The pertinent substantive law in this case is found in Massachusetts special education regulations governing, first, general procedures in all situations where a child may need an out-of-district educational placement and, second, application of those procedures to special education students who attend so-called “program schools,” defined at 603 CMR 28.02 to include “the school in which the student is enrolled according to the provisions of…MGL c. 76, §12A (METCO)…”

The generally-applicable regulations are found at 603 CMR 28.06(2)(e) and outline the requisite procedure whenever a Team is considering an out-of-district placement for a student, regardless of whether the student is enrolled in a program school, as follows:

  1. Placement Meeting. Upon developing the IEP, if the needs of the student and the services identified by the Team are complex, and the Team is considering an initial placement out-of-district…the school district may schedule a separate Team meeting to determine placement…
    1. Any other school district that may be financially or programmatically responsible for the student shall be invited to participate in the placement meeting and shall receive notice of such meeting at least five school days prior to the meeting…
    2. Prior to the placement meeting, the school district and parent shall investigate in-district and out-of-district placement options in light of the student’s needs and identified services required.
    3. At the placement meeting, the district and the parent shall report on the investigation of in-district and out-of-district options in light of the student’s needs and identified services required.
    4. At the placement meeting, the district and the parent shall report on the investigation of in-district and out of district options.
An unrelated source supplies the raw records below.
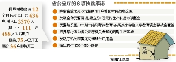10月24日,省公安厅迅速下拨筹集到的150万元危房改造补助款给拥阜村委会,111户建档立卡贫困户每户都领到了1.35万元危房改造补助款。目前,危房改造工作已经全面铺开,75户贫困村民住房已开工建设,余下的36户也即将开工,力争在2017年春节前完成全部危房改造。
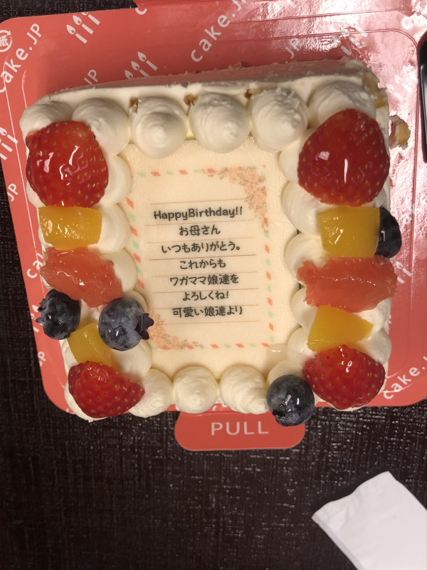 娘の誕生日お祝いでホテルで利用させていただきました。娘はとっても喜んでおりました(^^) 味もすっきり美味しいケーキでした。ロウソクもありがとうございました。 写真転写タイプのケーキにしましたが、お店のおすすめアプリで加工してアップロードしましたが、全体的に、ぼや〜とモザイク状だったので、改善できるならもう少しハッキリとした転写がよかったです。 しかしながら、手ぶらでホテルでケーキを準備するこの手軽さ、とても助かりました。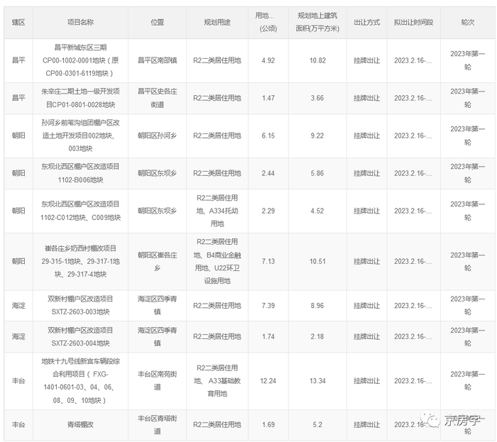 北京公布首批23个拟供地项目清单!朱辛庄等2个地块正式入市!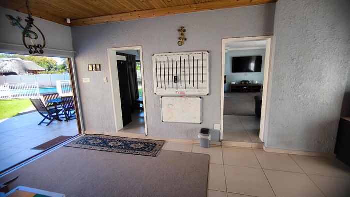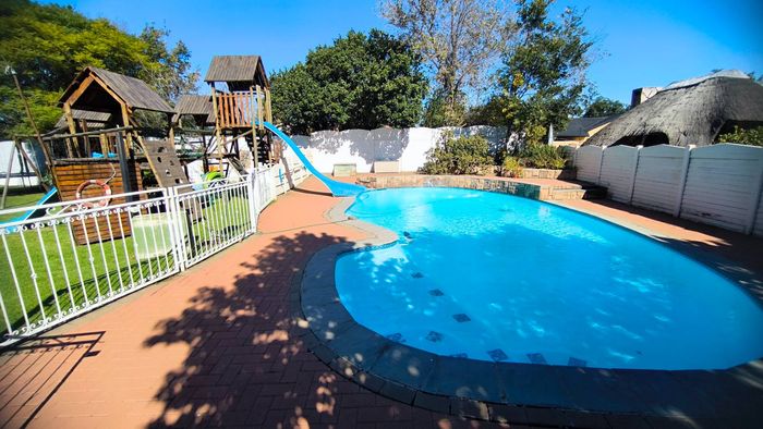 Wake up to Vaal Dam sunrises on your own 100m waterfront slice, enjoy sundowners by the pool and built-in bar — four-bedroom main house plus one-bedroom cottage.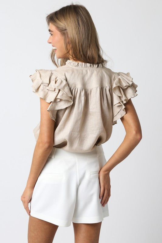 FINAL SALE!! Poppy Linen Blouse in Tan
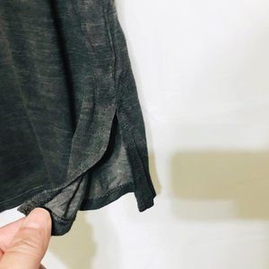 This women's Sejour Semi Sheer Short Sleeve T Shirt is in a size 2X, and it is NEW WITH TAGS. There is a scoop neck, it is semi-sheer, has 2 small vents on the sides, and the color is charcoal grey, The shirt is also asymmetrical.
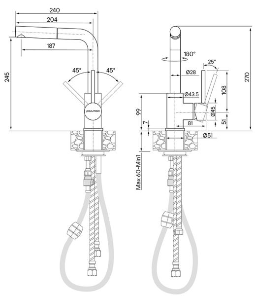 Смеситель для кухни с выдвижным шлангом, Ka214311-NIИзготовлен из высококачественной латуни, которая отвечает высочайшим европейским стандартам качества, не содержит свинца, не разрушается со временем и безопасна для здоровья.Вытяжной шланг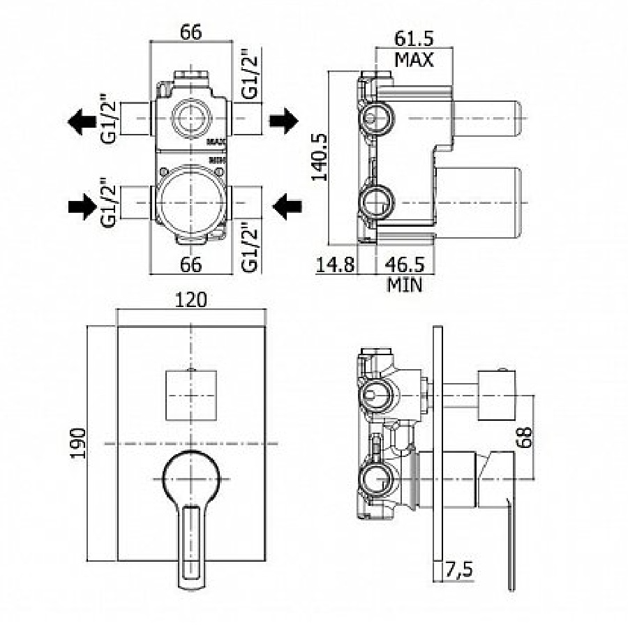 - Смеситель на 2 выхода с накладкой из нержавеющей стали, 2 положения + 1 комбо,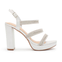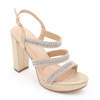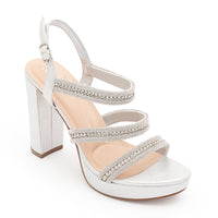 Discover the stylish and comfortable JANE-55 Ankle Strap Open Toe High Block Heel. These heels are perfect for any event with shimmer material, adjustable buckle straps, and cushioned insole support.
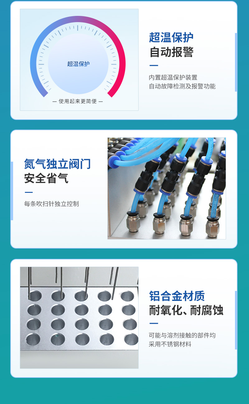 7.圓形氮吹儀的所有部件均勻不銹鋼制造,可耐酸堿等有機溶劑。
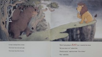 Finally he can run no further. As he stands contemplating his conflicting emotions he hears a growl that isn’t emanating from his stomach. There before him stands a larger, even more ferocious looking creature …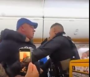 Η γαλλική αστυνομία επιβιβάστηκε στο αεροπλάνο και συνέλαβε τον πατέρα με χειροπέδες, ενώ άλλοι επιβάτες χειροκροτούσαν. Καθώς ο πατέρας πάλευε με τους αστυνομικούς, ο γιος του φαίνεται να τους ικετεύει να σταματήσουν.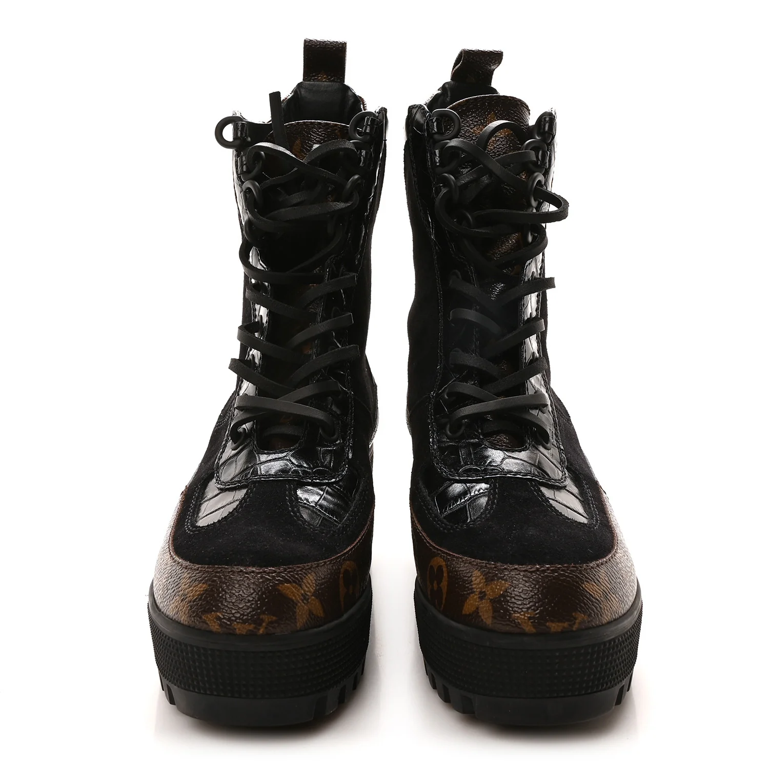 Louis Vuitton Suede Calfskin Monogram Laureate Platform Desert Boots Black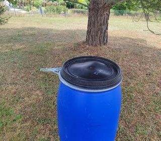 bidons bleus avec couvercle 130 litres en bon état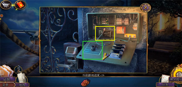 3.下图红框处点击放大后使用之前公文包里的尖嘴钳,打开分电箱,之后分电箱里先点击红框得到电池,之后点击绿框接上线就可以工作,盖上箱子,点击靠左的白色按钮,门打开,前往门厅。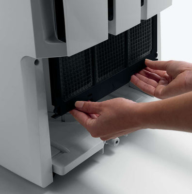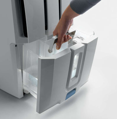 Ideal for rooms 500 to 700 sq. ft. in total area, the DeLonghi 50-Pint Dehumidifier with pump is the simple way to improve the air quality in your home without a complicated setup. You can simply select your ideal humidity level and breathe in the fresh air. It is the ultimate in home comfort convenience with its patented True Pints Per Day pump system that continuously discharges moisture so you dont have to constantly drain a water bucket. Water removal is simple: With its hassle-free pump system, simply drain the water out a window or a drain sink up to 16 feet overhead (Hose Not Included). You can also choose to drain the water passively through the 3-ft. gravity feed hose (hose not included) or simply empty the water into the removable water tank, which is frontally located for easy access. The transparent water level window lets you see how much water has been collected if using the tank option. The DeLonghi 50-Pint Dehumidifier also features LCD electronic controls that allow you to select the ideal humidity level by adjusting the humidistat, a 24-hour on/off timer, antifrost setting and 2-speed fan.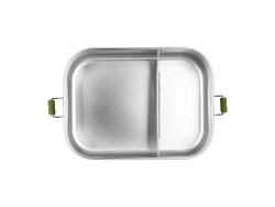 Deti môžu tento obedový box ovládať samé, pretože sa veľmi ľahko otvára a zatvára na pracku. Veľký obedový box má jednu pevnú prepážku, takže si vaše dieťa môže vychutnať napríklad zeleninu zvlášť a pečivo vedľa sa nezmočí. Tento odolný obedový box je vyrobený výhradne z nehrdzavejúcej ocele. Vďaka tomu neobsahuje žiadne škodlivé chemikálie a spĺňa všetky prísne normy vrátane LFGB (najprísnejšia legislatíva v oblasti potravinárstva v Európe).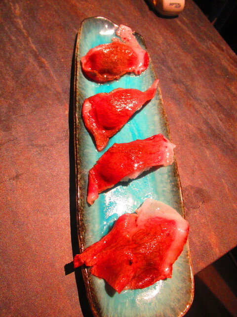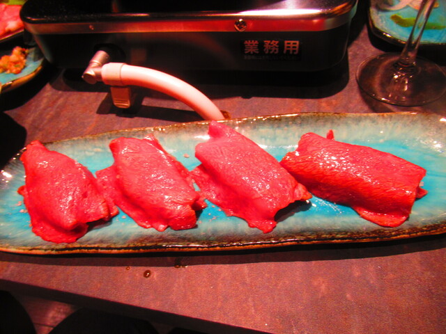 「道産和牛ブリスケの炙り肉寿司4貫 2099円」も、オーダー。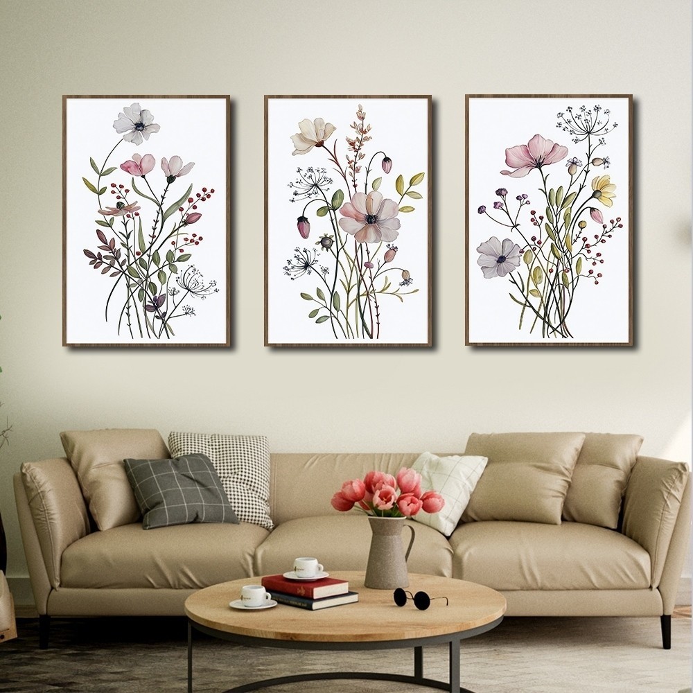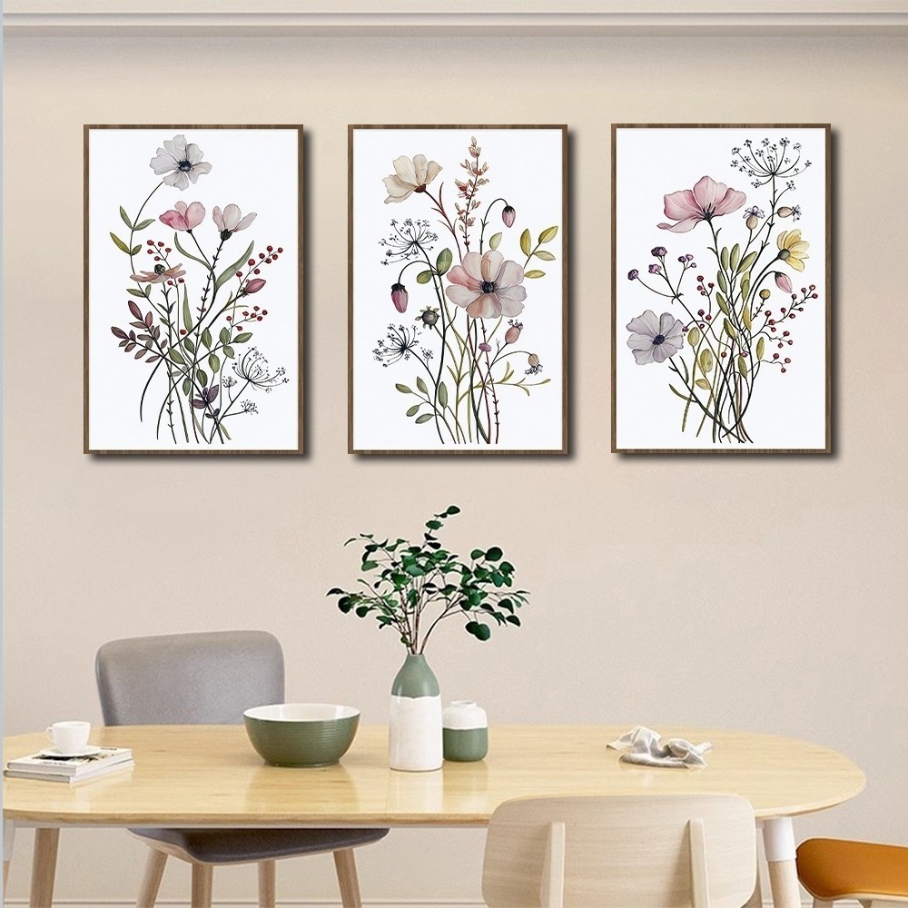 3Pcs 40x60/20x30cm Quadro decorativo estampas florais coloridas planta aquarela decoração para casa sala quaro WT2019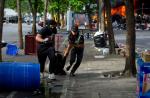 Red Shirt supporters rescue a fellow protester who was shot after army soldiers penetrated a barricade where thousands of protesters were encamped in Bangkok May 19, 2010. At least two other protesters lie injured on the sidewalk in the background. (REUTERS/Adrees Latif)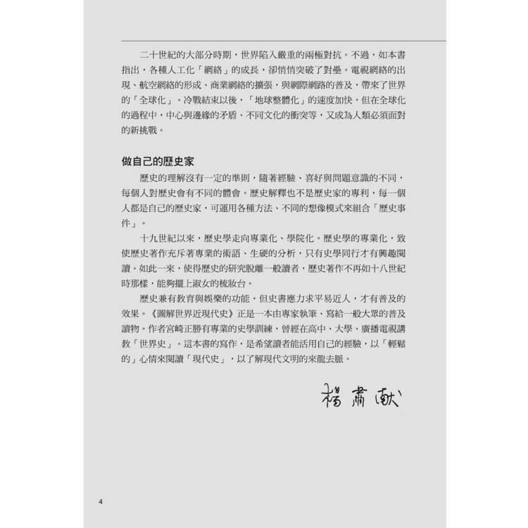 歷史兼有教育與娛樂的功能,但史書應力求平易近人,才有普及的效果。《圖解世界近現代史》正是一本由專家執筆、寫給一般大眾的普及讀物。作者宮崎正勝有專業的史學訓練,曾經在高中、大學、廣播電視講教「世界史」。這本書的寫作,是希望讀者能活用自己的經驗,以「輕鬆的」心情來閱讀「現代史」,以了解現代文明的來龍去脈。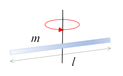 Ein Balken mit Masse $m$ und Länge $l$, der um sein Zentrum rotiert, das mit dem Schwerpunkt übereinstimmt: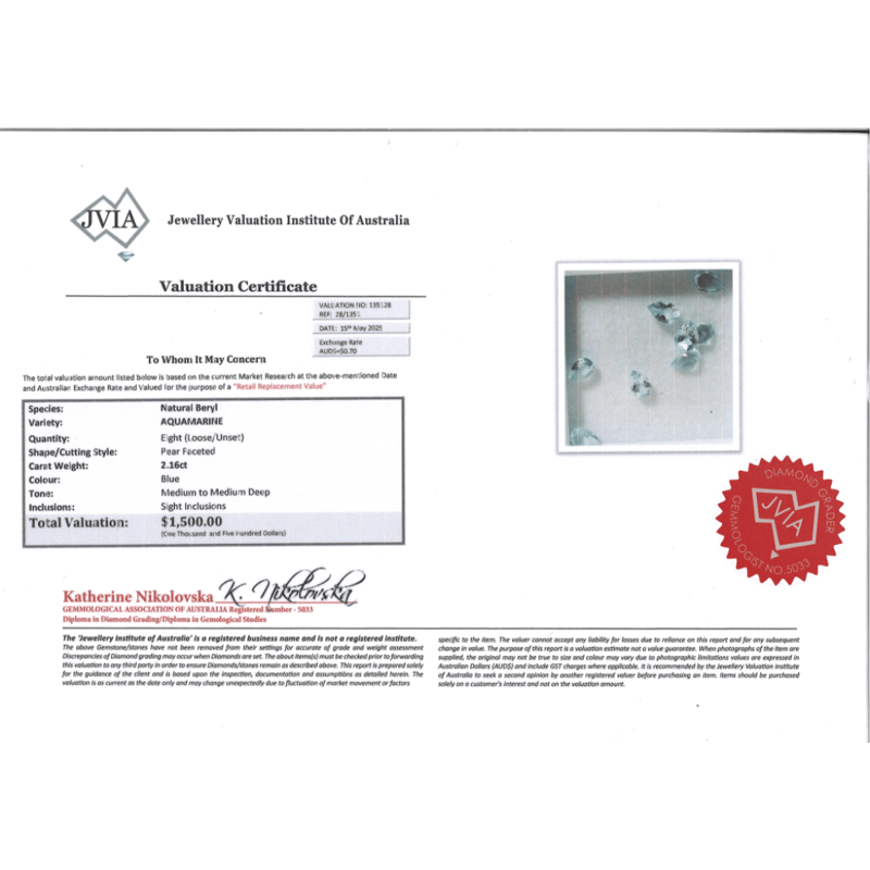 2.16CT TSW X 8, NATURAL BERYL AQUAMARINES Pear Faceted Cut, Medium Blue, Slightly Included, Loose, Unset. Valuations Provided by an Independent Third-Party Professional Not Directly Associated With Lloyds Auctions at AUD $$1,500.00This valuation has been conducted by an independent third-party professional. The valuation amount is an assessment by the issuing valuer and does not reflect the auction value of the item. Any inquiries regarding the valuation should be directed to the issuing valuer (refer to contact details on the certificate), as Lloyds Auctions has no affiliation or influence over the valuation, the valuer, or the stated amount. Condition: Good - Refer Images 0645974+2275

If an in-district program can provide the services on the IEP, such program shall be identified at the placement meeting and provided by the district; if not, the placement Team shall identify an out-of-district placement.

    Id.

Additional regulations, found at 603 CMR 28.10(6), prescribe the protocol for situations where a student who is enrolled in a program school such as METCO may need an out of district placement to receive a FAPE, and allocate responsibility between the program school and the child’s district of residence, as follows:

(6) Program Schools: A program school shall have programmatic and financial responsibility for enrolled students, subject only to specific finance provisions of any pertinent state law…Specific provisions for program schools are as follows:

  1. For…schools attended under MGL c. 76, §12A (METCO), when the Team determines that the student may need an out-of-district placement, the Team shall conclude the meeting pursuant to 603 CMR 28.06(2)(e) without identifying a specific placement type, and shall notify the school district where the student resides within two school days.
    1. Upon a determination as in 603 CMR 28.10(6)(a), the program school shall schedule another meeting to determine placement, and shall invite representatives of the school district where the student resides to participate as a member of the placement team pursuant to 603 CMR 28.06(3).
    2. The Team meeting convened by the program school shall first consider if the school district where the student resides has an in-district program that could provide the services recommended by the Team, and if so, the program school shall arrange with the school district where the student resides to deliver such services or develop an appropriate in-district program at the program school for the student.
    3. If the placement Team, in accordance with the procedures of 603 CMR 28.06(2)(e), determines that the student requires an out-of-district program to provide the services identified on the student’s IEP, then the placement proposed to the parent shall be an out-of-district day or residential school, depending on the needs of the student. Upon parental acceptance of the proposed IEP and…placement, programmatic and financial responsibility shall return to the school district where the student resides. The school district where the student resides shall implement the placement determination of the Team consistent with the requirements of 603 CMR 28.06(3).

603 CMR 28.10(6).

UNDISPUTED FACTS

The following facts are not in dispute, and are derived from the hearing request, response, and accompanying documents, as well as all documents and memoranda submitted with the pending Motion and Amended Motion for Summary Judgment of Guardian and LSRSD, Opposition filed by BPS, and Second Motion for Summary Judgment and Reply filed by LSRSD.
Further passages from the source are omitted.